Work required: Everything below from the line with "Aba - Alunos" through the line with "image | Back |" should be copied exactly, and nothing else; leave out the pictures.

Information provided:
----

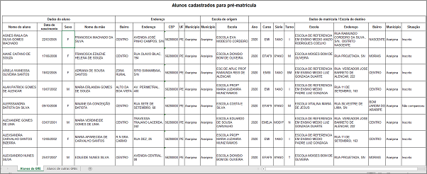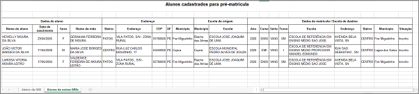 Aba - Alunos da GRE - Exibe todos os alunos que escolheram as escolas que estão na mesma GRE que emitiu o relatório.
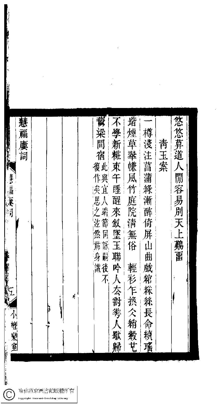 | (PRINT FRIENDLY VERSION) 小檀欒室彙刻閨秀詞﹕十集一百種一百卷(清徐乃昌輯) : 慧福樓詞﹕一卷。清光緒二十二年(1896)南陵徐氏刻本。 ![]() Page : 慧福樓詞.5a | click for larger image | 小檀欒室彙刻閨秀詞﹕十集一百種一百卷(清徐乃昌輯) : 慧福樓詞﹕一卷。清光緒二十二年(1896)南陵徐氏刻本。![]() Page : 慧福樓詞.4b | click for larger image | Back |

----

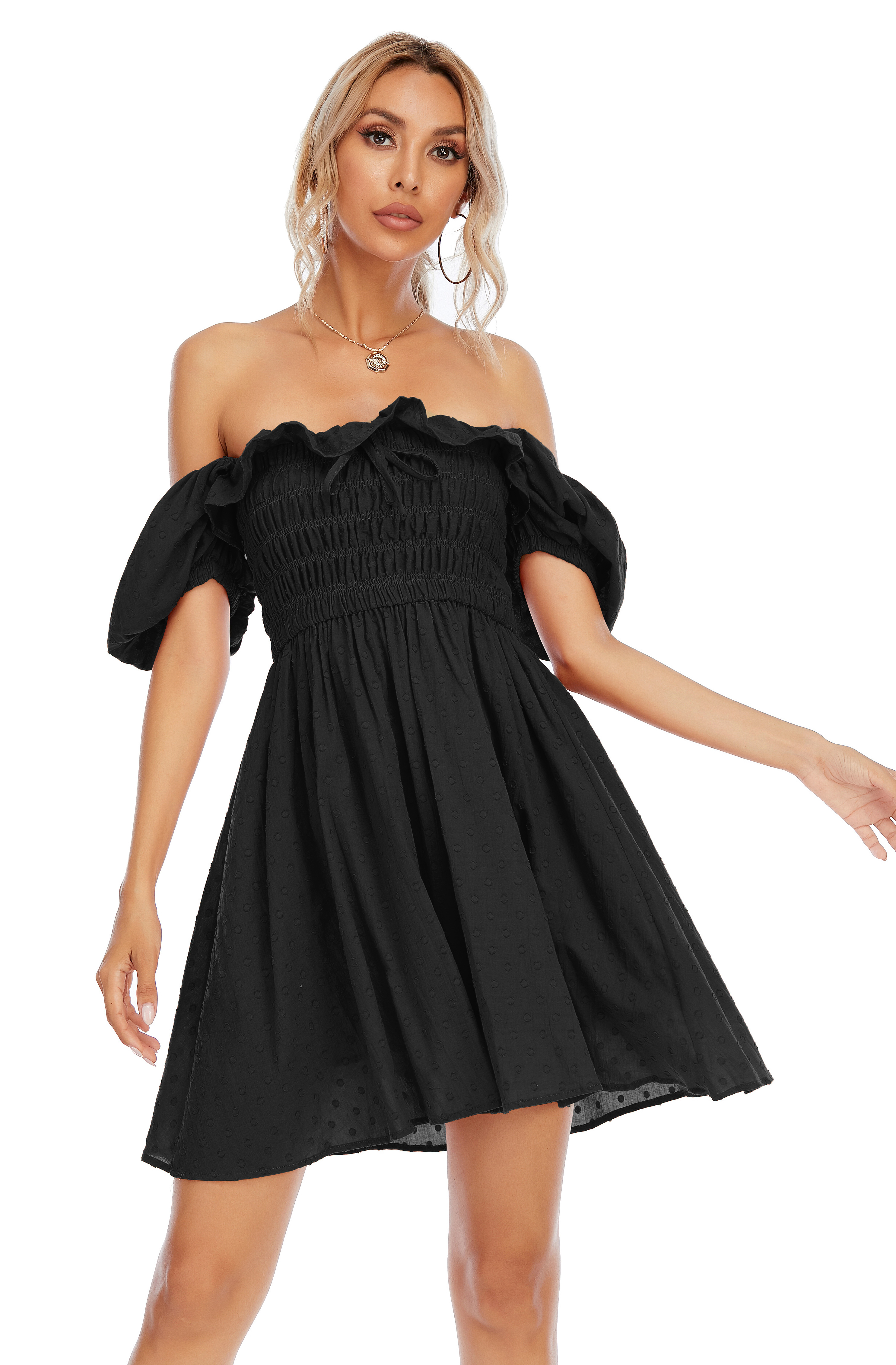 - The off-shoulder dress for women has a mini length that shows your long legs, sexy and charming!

----

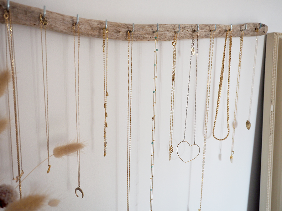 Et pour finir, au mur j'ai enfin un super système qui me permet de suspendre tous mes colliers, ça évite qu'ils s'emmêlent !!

----

Worked solution:
 Aba - Alunos da GRE - Exibe todos os alunos que escolheram as escolas que estão na mesma GRE que emitiu o relatório.
 | (PRINT FRIENDLY VERSION) 小檀欒室彙刻閨秀詞﹕十集一百種一百卷(清徐乃昌輯) : 慧福樓詞﹕一卷。清光緒二十二年(1896)南陵徐氏刻本。 ![]() Page : 慧福樓詞.5a | click for larger image | 小檀欒室彙刻閨秀詞﹕十集一百種一百卷(清徐乃昌輯) : 慧福樓詞﹕一卷。清光緒二十二年(1896)南陵徐氏刻本。![]() Page : 慧福樓詞.4b | click for larger image | Back |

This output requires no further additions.